While that sounds like an income needed for a specific demographic to support a specific lifestyle, Saulnier says it’s intended to be a universal living wage rate. “We chose the reference family as the peg, as the high-water mark for the living wage rate,” she says in an interview with The Coast. “It was to make sure that we at least have a threshold that can cover as many different family types as possible—there's no way to publish a wage rate that can cover every single family type.

“It's a methodological question, but it's also a discrimination question. Even the fact that we show different economic regions could lead to discrimination. We will never publish an individual wage, we will never publish a single (parent) with two kids wage, because we do not want to see employers thinking they need to tailor wages,” she says.

The living wage budget is a “conservative estimate” that includes 10 expense categories: food, clothing and footwear, shelter, transportation, child care, health care, contingency/emergency, parent education, household expenses and social inclusion. The social inclusion category includes expenses such as sports and music classes, holiday gifts, movie tickets, restaurant meals and children’s toys. In Halifax, the budget comes up to $6,607.49 a month.

To improve the quality of life for working Nova Scotians, both “private and public sector employers should strive to pay all their employees, direct and contract, a living wage,” the report reads. “Governments should not be contributing to the problem by paying poverty wages. Government budgets are impacted by the high costs of poverty, whether by productivity loss or by the pressures on its budget to help people manage to live on a low income. Municipalities should be living wage employers, as should hospitals and other public bodies, and all public procurement should include provision for paying contract workers a living wage,” Saulnier writes.

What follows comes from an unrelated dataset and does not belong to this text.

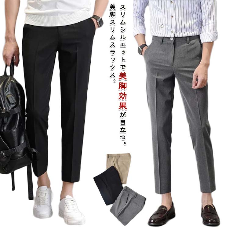 アンクルパンツ スリム スラックス メンズ ビジネス パンツ 九分丈 春夏秋 スーツパンツ 美脚 通勤 紳士 仕事着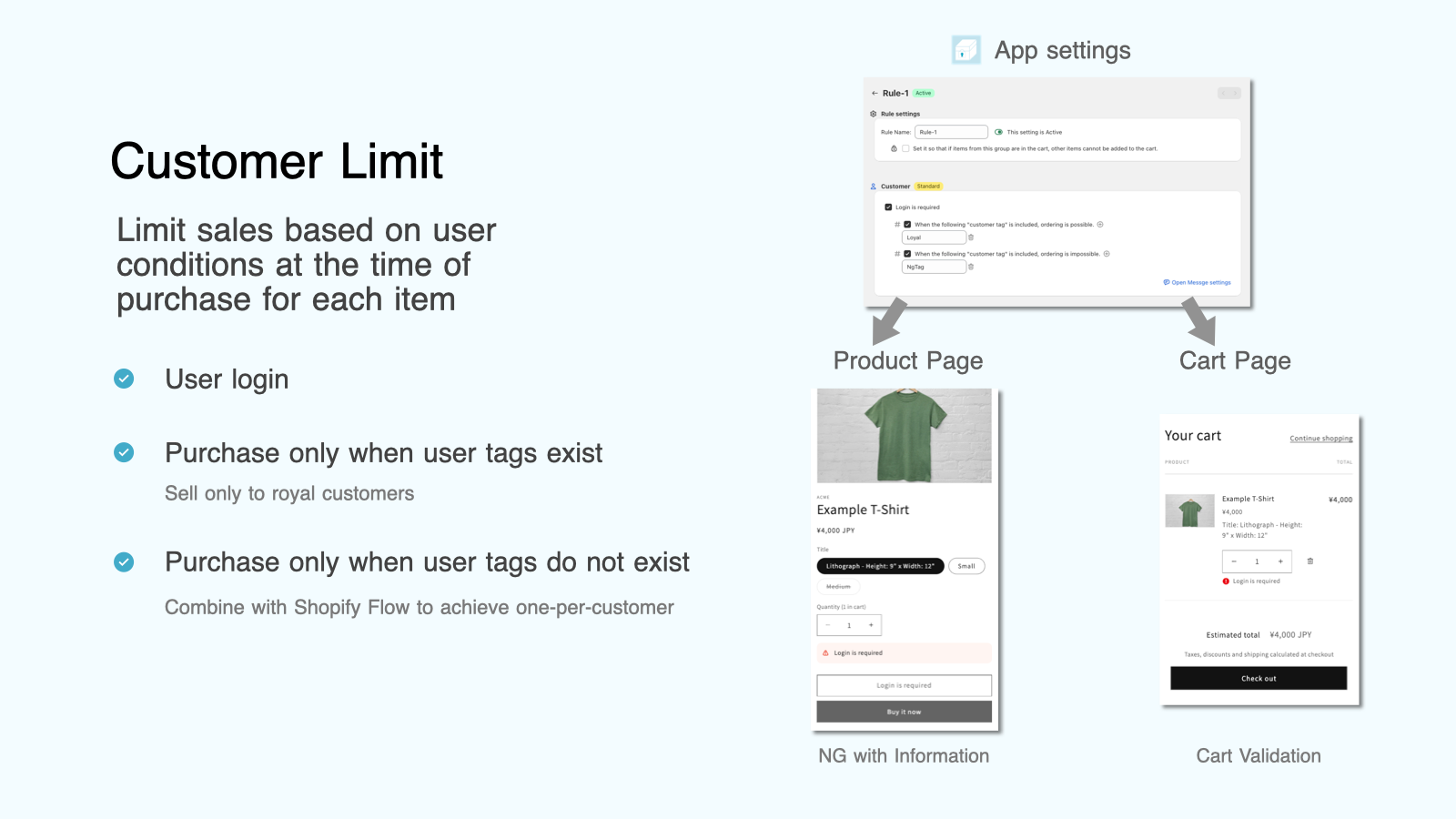 Quantity limit (from x to y items), Term limit (from x month x day to y month y day), Simultaneous purchase limit (cannot purchase product A and product B at the same time), Customer Limits (required login, customer tags) can be applied your shop. Products can be selected each products variants and products tag and products collections.

Nova Scotia’s minimum wage is $13.35 per hour currently, with planned increases set to take it to $13.60 on October 1 and $15 by April 2024, which Saulnier writes is “too slow.” According to the report, approximately 106,000 workers in Nova Scotia earn less than $15 per hour, and another 102,000 earn between $15 and $20. “Businesses need to figure out what it takes to pay a wage that's not exploiting their employees,” Saulnier says.

“These workers will spend virtually every dollar they make and stimulate the economy,'' Saulnier writes as a reason to raise the minimum wage—beyond $15. “Strong minimum wage policies reduce the need to use the tax system for redistribution and help stimulate overall purchasing power and aggregate demand.”

Saulnier says while a minimum wage increase is crucial, “it’s not just on the employer’s shoulders—government can do other things itself.” The report points out “the importance of assuring that our tax system is progressive and that government income transfers are generous,” calling for higher taxes on the wealthy and higher income thresholds for benefits such as the Canada Child Benefit, Nova Scotia Child Benefit and the NS Affordable Living Tax credit.

“Nova Scotia really has some of the least generous income tax credits and support,” Saulnier says. “If you were to earn a living wage in Nova Scotia, you don't get access to any of the income supports that exist in this province.”

In addition, the report suggests non-market-based solutions to the high cost of living, including cheaper public transportation, more affordable housing and permanent rent control, universal pharmacare and free post-secondary education. “There are things that we can be doing to be lessening the amount that people are paying out of pocket: prescription drugs, dental care, eyeglasses, and people are paying for a lot out of pocket that government has control over,” Saulnier says.

“If employees are earning enough, then they are less stressed. They're eating, they're doing all the things that they need to do to take care of themselves and come to work and do the work that their employers want them to do. So you know, you can't treat people like they’re cogs and think that’s going to be the best that you get out of people.”